Finding Your (Writing) Community

I recently had someone ask me how I found my writing community. I had to pause and think about it.

Here’s why: I didn’t find it, I built it.

How it started…

Rewind back to 2014—I didn’t have a writing community.

I wrote on the bus to and from work, over lunch, and in the evenings when I could. I wrote alone. The last time I’d had readers was in high school when my journal (that contained the very first version of the first manuscript I completed a decade later) was passed around between a couple of different folks in my French class every week so they could get the latest installment of the story.

I moved to California when my partner started a new job. I was unemployed and unsure what direction I was going to go in: continue in the legal field, or do something entirely new. I had a goal of how many job applications I needed to complete each week, but when I wasn’t applying for jobs, I was writing.

And I was lonely.

My partner suggested that I find a writing group. I got on Meetup and found a local group that met about a mile from my place, which meant I could walk there (we only had one car, so while my partner was at work, I was confined to where I could walk—I hadn’t yet discovered public transit because it hadn’t been a thing that really existed where I was from, and to be honest, it was still kind of shit in SoCal).

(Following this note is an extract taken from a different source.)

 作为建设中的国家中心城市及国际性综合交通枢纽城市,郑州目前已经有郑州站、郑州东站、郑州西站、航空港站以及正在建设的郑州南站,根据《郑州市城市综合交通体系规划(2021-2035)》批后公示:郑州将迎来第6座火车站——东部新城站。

I went to the Meetup group every time they met (I think every other week, but maybe it was weekly). Writers cycled in and out, but eventually the same core people were coming. And then the person who had founded the group dropped away, and I took over setting the schedule for the meetups. After we had several meetings where folks submitted pieces for us to read only to then not show up (incredibly rude, by the way), I moved the meetup off of the official platform and stuck to the core group.

I’ve since moved to Sweden and then to Seattle, and members of that original group have dropped off over the years, but three of us remain, and we still meet up every two weeks (online) to provide feedback and brainstorm.

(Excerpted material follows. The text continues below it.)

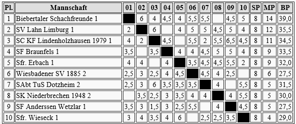NORD - Noch enger ist die Situation in der Nordgruppe der Verbandsliga, wo der zukünftige Meister und Vizemeister nur einen halben Brettpunkt voneinander getrennt sind. Niederbrechen versäumte es in der der letzten Runde gegen Schlusslicht Vellmar groß abzuräumen, während Schöneck eben einen halben Punkt mehr herausspielte. Jetzt noch ein 8-0 gegen Idstein, und der Aufstieg ist perfekt. Wenn's denn immer so einfach wäre.

BUT, my writing community has also expanded over the years beyond my SoCal meetup group. One of my critique partners I met at the Southern California Writers’ Conference while I was living in California, and I invited him to our meetup group. For several years I attended the Sirens Conference in Colorado, which is a literary conference, not a writing conference, and I met critique partners there as well. I’ve picked up critique partners from Futurescapes as well. When I moved to Sweden, I found fellow writers through work and scheduled coffee shop write-ins (which, naturally devolved into socializing or brainstorming many times, but hey, the community feeling was there).

What if you don’t have means (time or money) to attend conferences and workshops?

I hear ya! I’ve also participated in NaNoWriMo several years, and they have local write-ins you can attend, or if you can’t do in-person, you can meet folks online and form relationships there. I am sure there are other great online options I haven’t explored as well.

Your ‘writing’ community can include non-writers

You read that correctly. I’d argue that the community you build should include non-writers.

Find voracious readers who are willing to beta read for you. Their feedback will be different from what writers will tell you, and that’s awesome because ideally your reader-base won’t always be fellow writers. How do you find these people? Well…conferences, but also just talking to folks about books and writing. I ended up with a great beta reader by discussing my writing with a coworker. Turned out his wife enjoyed the genre I was writing in and was happy to read for me.

Find other creators who discuss craft from other perspectives and disciplines. I have a weekly call with my best friend of 20+ years who is an amazing artist and we often talk about our projects. There’s a surprising amount of overlap, especially in the mental process and the ups and downs of creating, between painting, drawing, writing and a ton of other creative endeavors. Checking in with other creators can help you feel more sane, but also be incredibly inspiring. A topic for another post is filling your creative well with a diverse range of consumption, and by that I mean more than books, tv, films, and comics, but art, nature, scientific papers…okay, yeah, this is a topic for another post, but you get the idea: inspiration comes from experiencing more than one type of entertainment or medium.

Put yourself, and your work, out there

I’m an introvert. It was incredibly hard for me to go to that first, and second, and third writing meetup. Going to conferences where I know no one and starting up conversations and making connections was daunting and uncomfortable. But creating doesn’t happen in a vacuum. I mean, you can create in a vacuum, but if your goal is to be an author someday, you need to be able to put yourself out there. You don’t improve without receiving criticism, or having questions asked that you didn’t think to ask about your work.

You can’t grow without discomfort.

A writing community (of more than just writers, don’t forget that) should support and motivate you, but it should also challenge you. It should push you. It should make you ask questions. It should give you perspective outside your own. It’s a relationship, which means it takes work, and it’s about giving as well as receiving.

It’s not something you ‘find’. It’s something you build and foster and fight for. Just like you build and foster and fight for those words on the page.